→ EXERCISE
Starting at the line that contains "江蘇碳匯林新能源科技有限公司", write out every line through the last one in the records below, word for word. Leave out any pictures.

→ EXTRACTED DATA
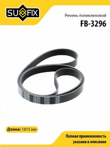 Ремень поликлиновой SUFIX FB-3296. Применение: NISSAN Qashqai(J10) 1.6 07-13, HONDA CR-V III 2.2D 07>.
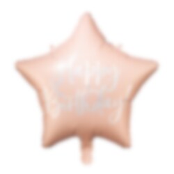 Folieballon in de vorm van een ster in lichtroze met de tekst "Happy Birthday" en sterren in het wit.
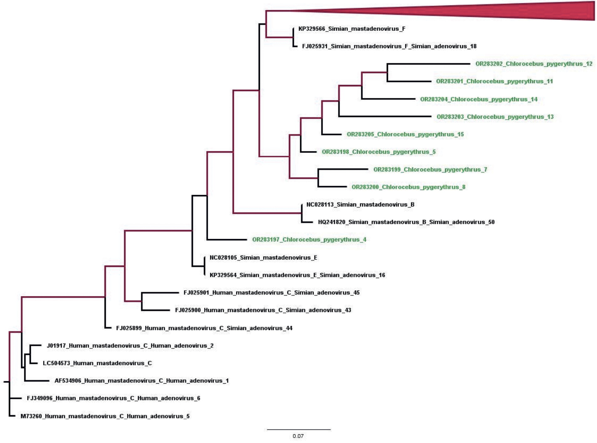 Введение. Приматы, наряду с грызунами и летучими мышами, наиболее часто оказываются резервуаром и источником зоонозных вирусных инфекций. Кроме того, у диких обезьян и у приматов, содержащихся в неволе, выявляют различные человеческие вирусы. Изучение вирусного разнообразия у обезьян необходимо для ограничения потенциальной передачи вирусов между людьми и приматами разных видов.
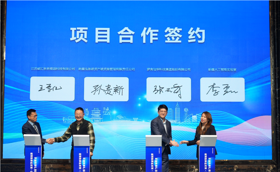 江蘇碳匯林新能源科技有限公司、羅克佳華科技集團(tuán)股份有限公司、新疆泓源碳資產(chǎn)碳資源管理有限責(zé)任公司等多家企業(yè)在會(huì)議期間簽訂合作協(xié)議。
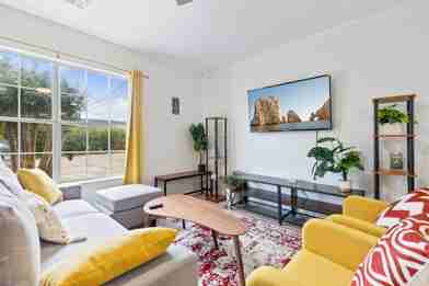 Step inside and you'll be greeted by a bright and welcoming living space, featuring modern furnishings, tasteful decor, and all you need for a comfortable stay. With 5 comfortable beds, this apartment is great for workers, families, and visiting students.

→ RESULT OF THE TASK
 江蘇碳匯林新能源科技有限公司、羅克佳華科技集團(tuán)股份有限公司、新疆泓源碳資產(chǎn)碳資源管理有限責(zé)任公司等多家企業(yè)在會(huì)議期間簽訂合作協(xié)議。
 Step inside and you'll be greeted by a bright and welcoming living space, featuring modern furnishings, tasteful decor, and all you need for a comfortable stay. With 5 comfortable beds, this apartment is great for workers, families, and visiting students.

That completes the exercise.